At the same time, "Stand Your Ground" does not seem to have become a license to kill white people, especially decent, middle-class white people. In January, Curtis J. Reeves, Jr., 71, a white former police captain, was almost immediately charged with second-degree murder in the death of Chad Oulson, a 43-year-old white husband and father, a Desert Storm veteran. It was obvious that no judge or jury would accept Reeves' claim of standing his ground, defending himself in a darkened movie theater, outside Tampa. Oulson's thrown popcorn, after Reeves complained that the younger man was texting (his daughter's baby-sitter) during the previews, is unlikely to trump Trayvon Martin's ice tea and Skittles as a deadly threat.

As many have pointed out, it would not be difficult to imagine the response of law enforcement, the public or jurors, if it had been Trayvon Martin who fired the gun in that gated community, and George Zimmerman the one returning with the snacks. Which is why Curtis Reeves is still in jail, denied bail last Friday after a court hearing. By contrast, George Zimmerman went home the night of the shooting, because Sanford police assumed he was legally defending himself under "Stand Your Ground." Although Zimmerman's attorneys did not invoke "Stand Your Ground," a nearly all-white jury later acquitted Zimmerman of second-degree murder, saying later that they believed he was legitimately defending himself.

More fundamentally, "Stand Your Ground" reflects another Sunbelt reality: how lives are valued. For example, who gets the death penalty for murder? Study after study (Amnesty International, the ACLU, even the U.S. General Accounting Office) has documented that, more than any factor, it is the race of the victim that most accurately predicts who is put to death in America. Since 1976, when capital punishment was reinstated, between 75 to 80 percent of those executed were for killing whites, echoing the 19th and early 20th century era of Southern "lynch law," legalizing and legislating the uneven prosecution of the Jim Crow era.

This isn't just about Florida's "Stand Your Ground" law -- and those like it passed in other Southern states under the guidance of the Koch brothers-funded American Legislative Exchange Council (ALEC). Too often, it's about race, if only subtly and sotto voce. Listen carefully for the racial undertone of rhetoric in support for easing and expanding "concealed carry" firearm permits from supporters like Dunn throughout the region.

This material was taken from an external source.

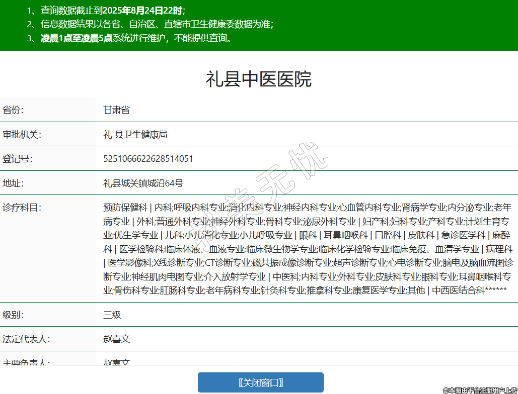 省份:甘肅省審批機(jī)關(guān):禮 縣衛(wèi)生健康局登記號(hào):5251066622628514051地址:禮縣城關(guān)鎮(zhèn)城沿64號(hào)診療科目:預(yù)防保健科 | 內(nèi)科;呼吸內(nèi)科專業(yè);消化內(nèi)科專業(yè);神經(jīng)內(nèi)科專業(yè);心血管內(nèi)科專業(yè);腎病學(xué)專業(yè);內(nèi)分泌專業(yè);老年病專業(yè) | 外科;普通外科專業(yè);神經(jīng)外科專業(yè);骨科專業(yè);泌尿外科專業(yè) | 婦產(chǎn)科;婦科專業(yè);產(chǎn)科專業(yè);計(jì)劃生育專業(yè);優(yōu)生學(xué)專業(yè) | 兒科;小兒消化專業(yè);小兒呼吸專業(yè) | 眼科 | 耳鼻咽喉科 | 口腔科 | 皮膚科 | 急診醫(yī)學(xué)科 | 麻醉科 | 醫(yī)學(xué)檢驗(yàn)科;臨床體液、血液專業(yè);臨床微生物學(xué)專業(yè);臨床化學(xué)檢驗(yàn)專業(yè);臨床免疫、血清學(xué)專業(yè) | 病理科 | 醫(yī)學(xué)影像科;X線診斷專業(yè);CT診斷專業(yè);磁共振成像診斷專業(yè);超聲診斷專業(yè);心電診斷專業(yè);腦電及腦血流圖診斷專業(yè);神經(jīng)肌肉電圖專業(yè);介入放射學(xué)專業(yè) | 中醫(yī)科;內(nèi)科專業(yè);外科專業(yè);皮膚科專業(yè);眼科專業(yè);耳鼻咽喉科專業(yè);骨傷科專業(yè);肛腸科專業(yè);老年病科專業(yè);針灸科專業(yè);推拿科專業(yè);康復(fù)醫(yī)學(xué)專業(yè);其他 | 中西醫(yī)結(jié)合科******級(jí)別:三級(jí)法定代表人:趙喜文主要負(fù)責(zé)人:趙喜文執(zhí)業(yè)許可證有效期:2021/04/02 -至- 2036/04/01 -
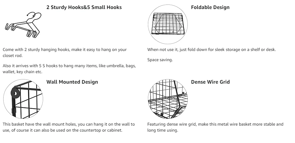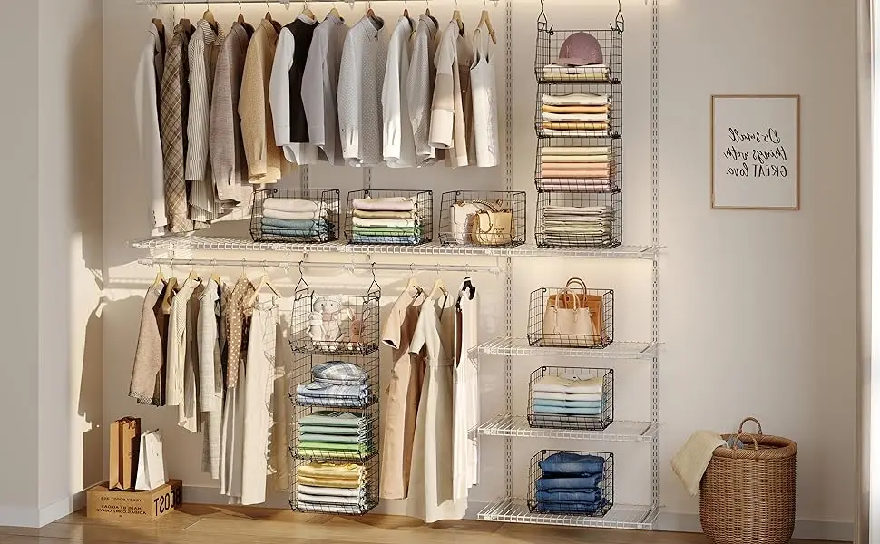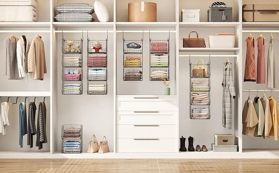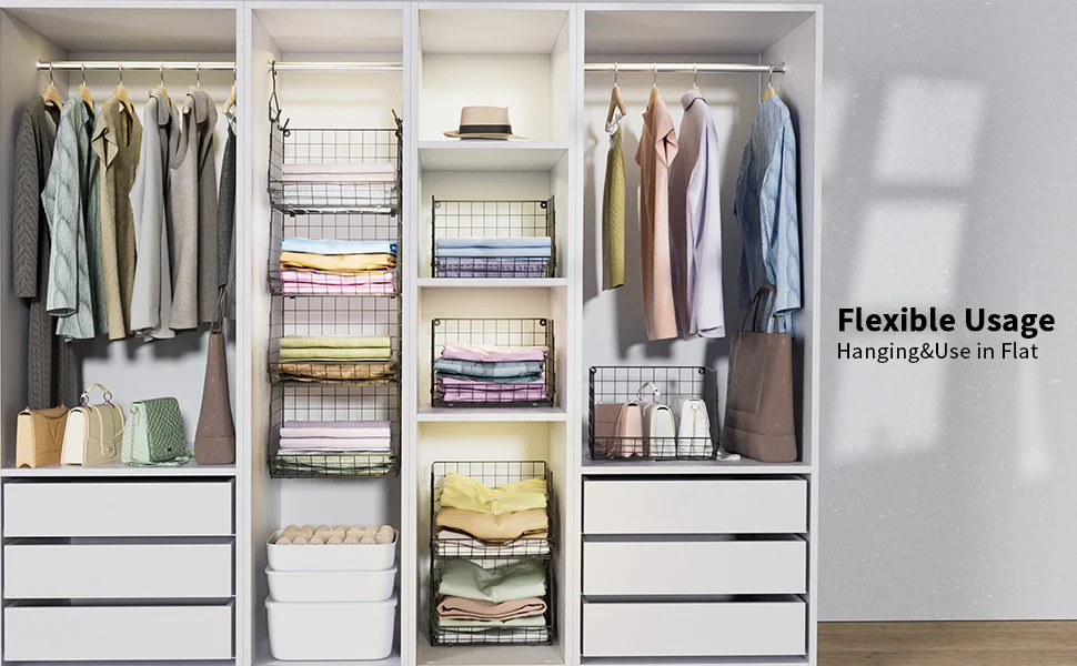 Featuring 2 sturdy metal hooks, this closet hanging baskets is easy to hang on the closet bar.

It sends a clear political message to the party's white base, combining with the gun control issue as a powerful wedge issue -- always a winner.

Economic and political justice follow the same pattern as criminal justice. That's no coincidence. In Florida, as in many Sunbelt states, the GOP carries its parents' and grandparents' political DNA. That is, the zeitgeist of White Citizens Council, the coat-and-tie analog to the hooded, lower-middle- and working-class Ku Klux Klan. Racism infuses the comments of food stamp critics in Mississippi, themselves often recipients government welfare in the form of agriculture subsidies. For centuries their families relied on slaves, cheap convict labor, and peonage to tend their fields. Today they depend on low wage farm workers, including undocumented immigrants -- the same people Tea Party Republicans want to deny a path to citizenship.

These governors and legislatures have, by and large, refused to accept federal Medicaid support to provide health care to the working poor. They have enacted voter ID laws designed to reduce black and brown turnout at the polls, just as their political antecedents established "white primaries" throughout the South after Reconstruction. And in Florida, Governor Rick Scott has acted to prevent convicted felons who have served their terms from regaining the right to vote, which is routinely granted elsewhere in the country. The effect of this pernicious practice can only be to disenfranchise African Americans who disproportionately populate the prison system, as U.S. Attorney General Eric Holder noted Tuesday.

Such is the burden of Southern history. As William Faulkner wrote in 1950 in Requiem for a Nun, in this part of the country, "The past is never dead. It's not even past."